There's not much here yet, unfortunately.

Simulator implementation

The coherence protocol implementation (which will eventually be auto-generated from the DSL description) should consist of one or more C++ objects. The cache and interconnect models will be modified to take a coherence protocol object as a template parameter. The protocol object(s) will define types used to define the allowable commands, define the protocol-specific state included in Packet and CacheBlk classes, etc.

  • Should the C++ protocol object(s) form an inheritance hierarchy that mirrors the inheritance relationship of the protocols in the DSL?

Domain-specific language

We should write the parser in PLY and the compiler in Python because we know them, and to avoid introducing any new tool dependencies.

Development Plan

  1. Separate the current coherence protocol from the cache module into a separate policy object (or objects). This will give us an initial interface definition and an idea of what kind of code the description language will need to generate.
  2. Implement a few different protocols using this interface, expanding and modifying it as needed. Ideally these protocols will be significantly different from the base protocol, e.g., directory based, point-to-point, etc. This will help us flesh out the interface, and get started on implementing features that we'll need for more advanced protocols (such as virtual channels) that will be reflected in the description language but are largely orthogonal to it.

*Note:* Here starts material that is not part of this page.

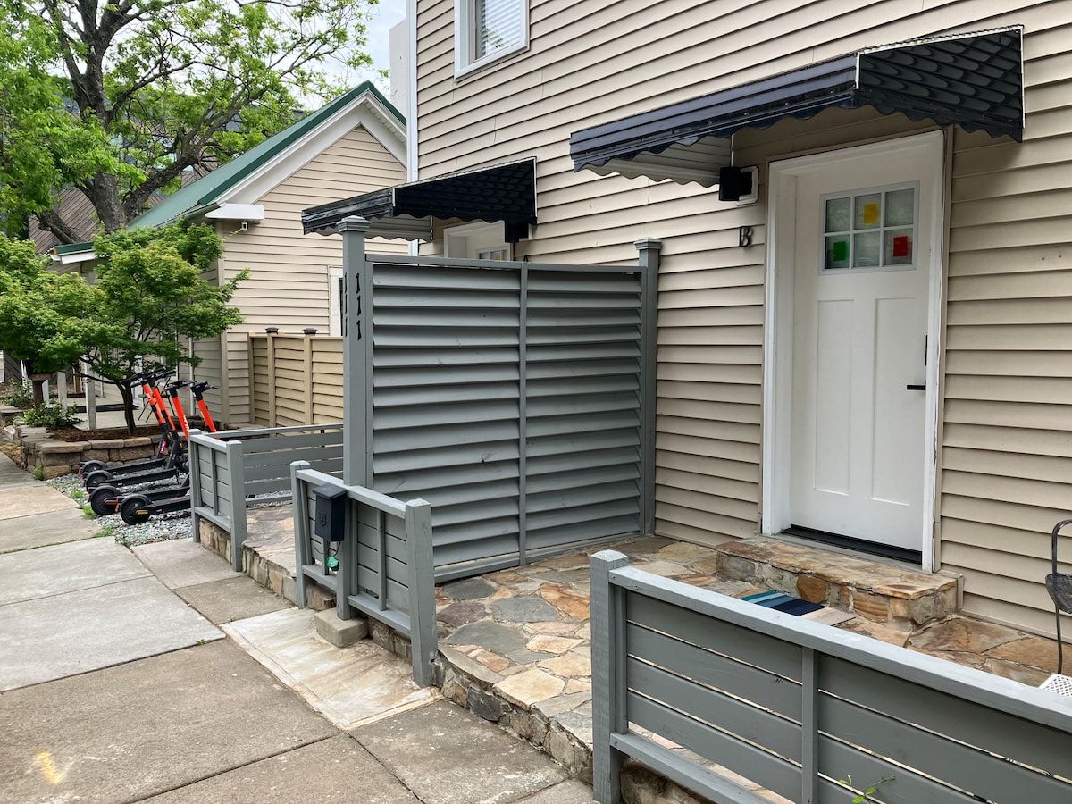 Compact studio steps from Downtown Durham with a private entry and free street parking! Well-stocked kitchenette and bathroom. Close to Duke and walkable to all of Downtown and more: ✦ 7+ coffee shops ✦ 10+ breweries ✦ Plenty of restaurants + bars ✦ DPAC, Durham Bulls + Durham Convention Center ✦ Central Park, Farmer's Market + Durham Food Hall ✦ Ellerbe Creek + American Tobacco Trails We live in the townhouse above the studio and are happy to assist with anything you might need.

Some candidates would be Geoff Blake's LogTM implementation or a manual translation of an existing SLICC protocol from the GEMS distribution. A side benefit will be that those of us who need a particular protocol can implement it at this stage and not have the description language be on their critical path. There is the down side that there will be some extra effort to reimplement these protocols in the description language, but if our language is as concise as it should be then this effort should be minimal.
  3. Design and implement the description language and associated compiler. This work can overlap with the previous step somewhat, but we should avoid getting too far ahead of ourselves in case the previous step uncovers some features that require significant modifications to the language structure.

--Steve 12:39, 2 July 2008 (EDT)